Middlesboro High cheerleader had good grades — and a big drug problem
A former prescription drug addict shares her story of struggle and recovery. This story is part of a series that examines prescription drug abuse in Kentucky.
When Tayler Partin attended Middlesboro High School in Bell County, she was a varsity cheerleader, track team captain, Key Club member, straight-A student — and a prescription drug addict. She was taking 12 to 15 Xanax pills and three to eight OxyContin pills a day, losing so much weight that she dropped from a size 7 to a size 2 — yet no one noticed, she said. The drugs didn't affect her grades, and as a cheerleader, she felt “pumped full of spirit when I did Oxy.”

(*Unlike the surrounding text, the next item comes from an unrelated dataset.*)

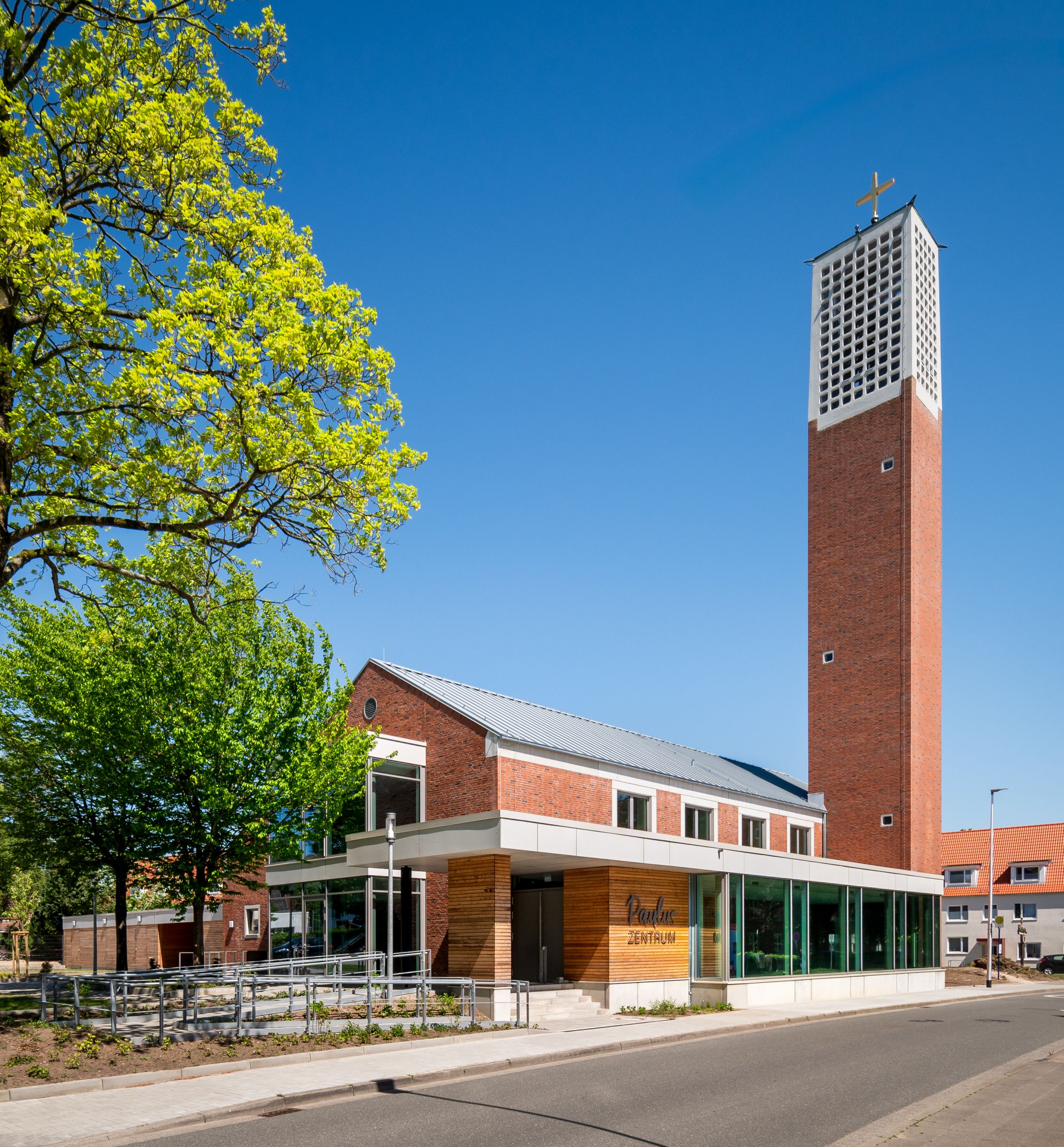 Der Entwurf bewahrt das Erscheinungsbild der St.-Paulus-Kirche, ergänzt es auf einfühlsame Art und Weise und führt die Kirche unter Einsatz von nachhaltigen Materialien und Konstruktionen ihrer neuen Nutzung als Gemeindezentrum zu.

But her charade fell apart after a football game in September 2007, when a fellow cheerleader saw her snorting painkillers and reported her to school officials. They called her into the office the next school day, searched her and found the pain reliever Percocet.
“Right before I got pulled into the office, I had done two Xanax off the desk… in the middle of class,” she said. “There were people who saw, but they did it too.”
Looking back, Partin, now 19, says getting caught likely saved her life.
She said she had been abusing prescription drugs since she was 15, like many other classmates.
“There's really no recreation,” Partin said of Bell County. “They turn to going up on the mountain, bringing a keg and getting drunk and stoned and high.”
There were times Partin said she was so high she didn't know how she made it home.
“I don't know how I didn't die.”
After she was caught in school, she was sentenced to community service and regular drug tests — a punishment that kept her clean.
Her mother also made her go to church every Sunday, and Partin attended the Crossroads ministry for addicts through Covenant United Methodist Church in Middlesboro.
She said it gave her the strength to end her addiction.
“I just told them (the congregation) that I realized I couldn't do it on my own anymore,” she said. “I needed God on my side.”
Partin said she has stayed clean, though at times it has been a challenge. She graduated from Middlesboro High in 2009 and now attends Morehead State University, hoping to become a school substance-abuse counselor.
“A lot of people when they get caught, they're very bitter,” she said. “To me, it was a blessing in disguise because I got my head out of my rear end and realized what I needed to be doing with my life.”